Codec-aware video preprocessing for training and inference. Extracts codec-level bitcost information from H.264 / HEVC / VP9 videos and turns it into patch-canvases ready for downstream vision models.

What it does

  • Patched FFmpeg decoder – Instruments the H.264 / HEVC / VP9 decoder to export per-macroblock (H.264) or per-CTU (HEVC) bitcost maps during decoding.
  • Fast C++ extension (cv_reader_fast) – Decodes video with loop-filter / IDCT skipped and optionally returns bitcost data as NumPy arrays.
  • Readiness grouping – Groups frames by compressibility (bitcost) so that hard-to-decode regions get more patches.
  • Top-K patch selection – Selects the most informative 2×2 patch blocks from each group and packs them into JPG/PNG canvases.
  • One-command pipeline – From a raw video to a folder of canvases + metadata in a single call.

Install

From wheel (recommended)

python -m pip install codec_video_prep-*.whl

Verify the installation:

codec-video-prep-doctor

Build from source

  1. Build the patched FFmpeg shared libraries:

    • Pixel-capable (recommended — supports both bitcost and BGR pixel export):
      bash build_pixel_ffmpeg.sh
      
    • Legacy skip-IDCT (faster bitcost-only scan, no pixel output):
      bash scripts/build_patched_ffmpeg.sh
      
  2. Build and install the Python package:

python -m pip install -e .

Quick start (CLI)

codec-video-prep \
  --video /path/to/video.mp4 \
  --out_dir ./preinfer_out \
  --num_sampled_frames 1024 \
  --group_size 32 \
  --images_per_group 4 \
  --max_pixels 153664

Output directory will contain:

  • canvas_*.jpg – Packed patch canvases
  • meta.json – Full metadata, timing, and group info
  • frame_ids.npy – Sampled frame indices
  • src_patch_position.npy – Patch source positions

Decode backends

Two decode backends are available:

Backend Description Best for
ffmpeg_native (default) FFmpeg subprocess decode + cv_reader_fast bitcost scan General use
cv_reader_pixels Single-pass decode via cv_reader_fast that returns both bitcost and BGR pixels Speed (~1.8–1.9× faster end-to-end)

Switch backend:

codec-video-prep --decode_backend cv_reader_pixels ...

Parallel segment decoding

For long videos with dense frame sampling, the bitcost-scan step dominates total time.
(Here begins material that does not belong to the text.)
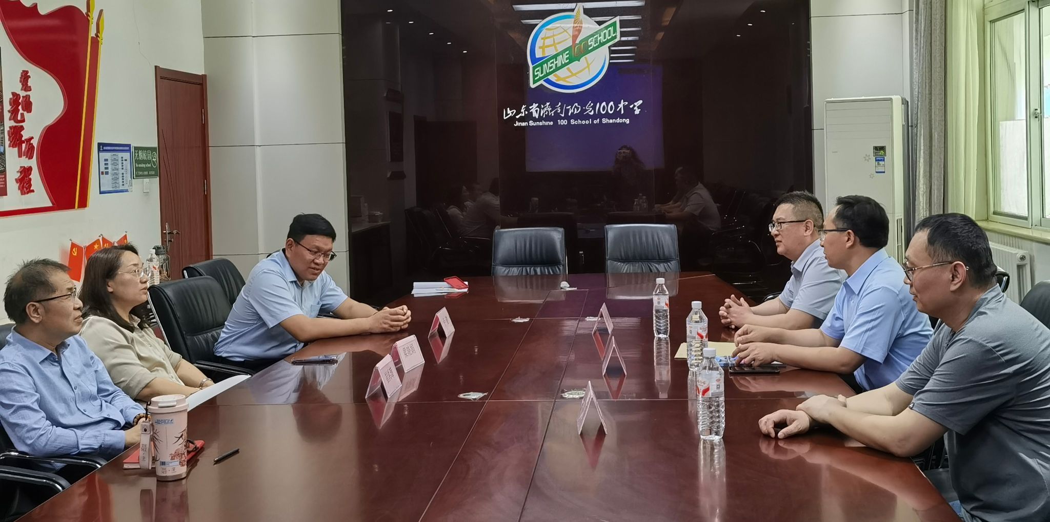 近日,问鼎(中国)一行前往济南阳光100中学开展调研交流活动。学院院长宋庆伟,副院长王勇及英语系主任王磊参加活动。问鼎(中国)一行受到了阳光100中学校长崔洪璋、党支部书记梁晓娟、副校长卢健及相关部门负责同志的热情接待。

You can split the workload into N parallel decode segments using ProcessPoolExecutor:

codec-video-prep \
  --decode_backend cv_reader_pixels \
  --parallel_segments 4 \
  --threads_per_segment 4 \
  --segment_guard_frames 30 \
  ...
Parameter Default Description
--parallel_segments 0 (disabled) Number of parallel segments. Set to 0 or 1 to use serial decoding.
--threads_per_segment 4 FFmpeg thread_count inside each worker process.
--segment_guard_frames 30 Extra frames decoded before/after each segment boundary to compensate for seek-to-keyframe inaccuracy.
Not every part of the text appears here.